§ Data supplied

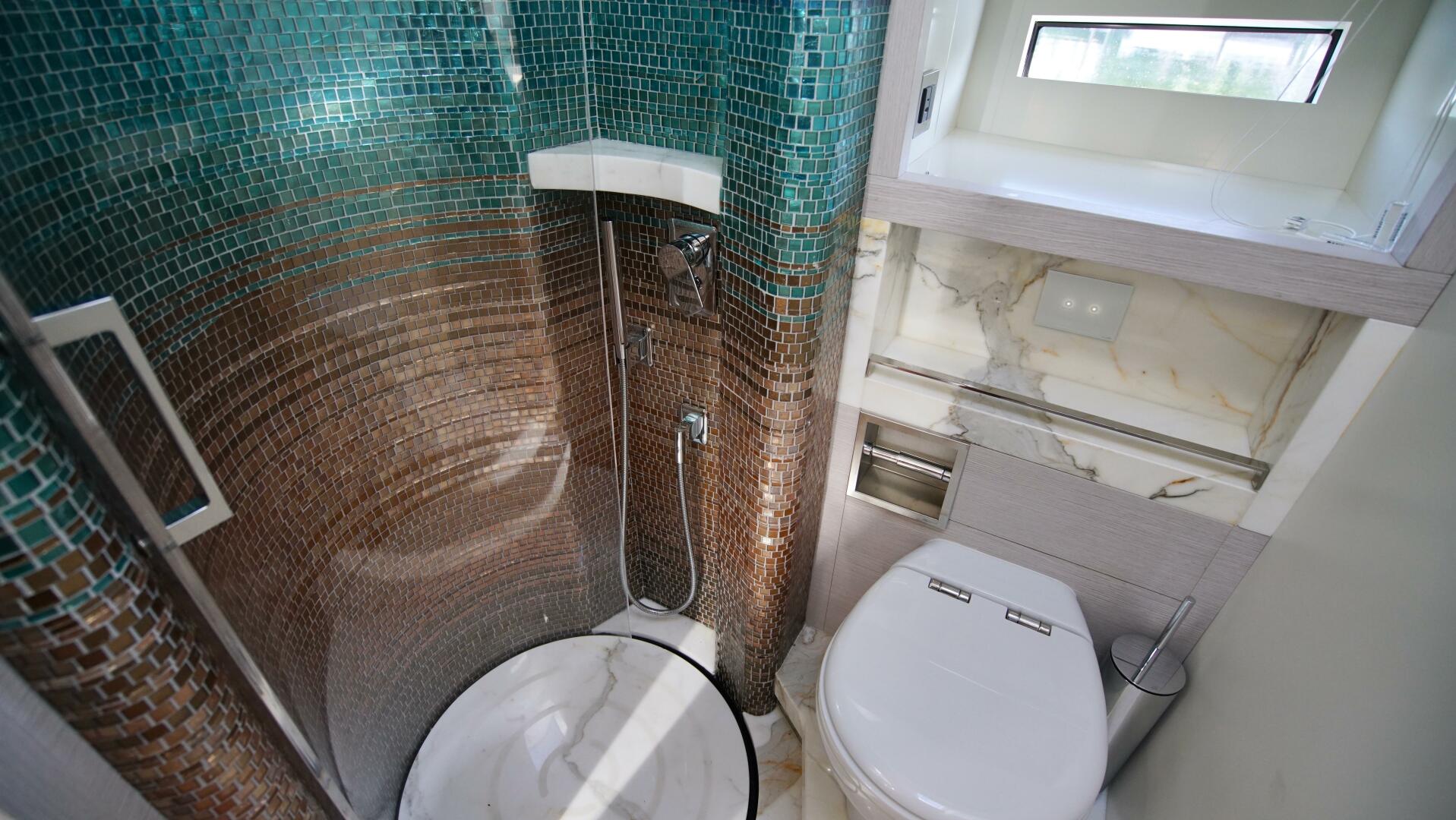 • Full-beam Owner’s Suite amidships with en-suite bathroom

...

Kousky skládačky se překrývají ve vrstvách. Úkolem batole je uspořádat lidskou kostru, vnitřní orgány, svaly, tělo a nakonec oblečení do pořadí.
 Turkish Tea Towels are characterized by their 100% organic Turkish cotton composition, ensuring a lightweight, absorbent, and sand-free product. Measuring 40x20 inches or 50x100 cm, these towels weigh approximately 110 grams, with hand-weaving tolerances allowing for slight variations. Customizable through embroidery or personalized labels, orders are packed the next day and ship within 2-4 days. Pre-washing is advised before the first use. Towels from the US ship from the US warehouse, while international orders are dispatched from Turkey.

* * *

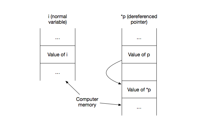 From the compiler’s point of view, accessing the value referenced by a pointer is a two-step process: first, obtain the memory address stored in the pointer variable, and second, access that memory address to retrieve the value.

§ Work request
Everything above from the line containing "Kousky skládačky se" down to the line containing "Turkish Tea Towels" is to be transcribed exactly, with both of those lines included and nothing else added.

§ Written reply
Kousky skládačky se překrývají ve vrstvách. Úkolem batole je uspořádat lidskou kostru, vnitřní orgány, svaly, tělo a nakonec oblečení do pořadí.
 Turkish Tea Towels are characterized by their 100% organic Turkish cotton composition, ensuring a lightweight, absorbent, and sand-free product. Measuring 40x20 inches or 50x100 cm, these towels weigh approximately 110 grams, with hand-weaving tolerances allowing for slight variations. Customizable through embroidery or personalized labels, orders are packed the next day and ship within 2-4 days. Pre-washing is advised before the first use. Towels from the US ship from the US warehouse, while international orders are dispatched from Turkey.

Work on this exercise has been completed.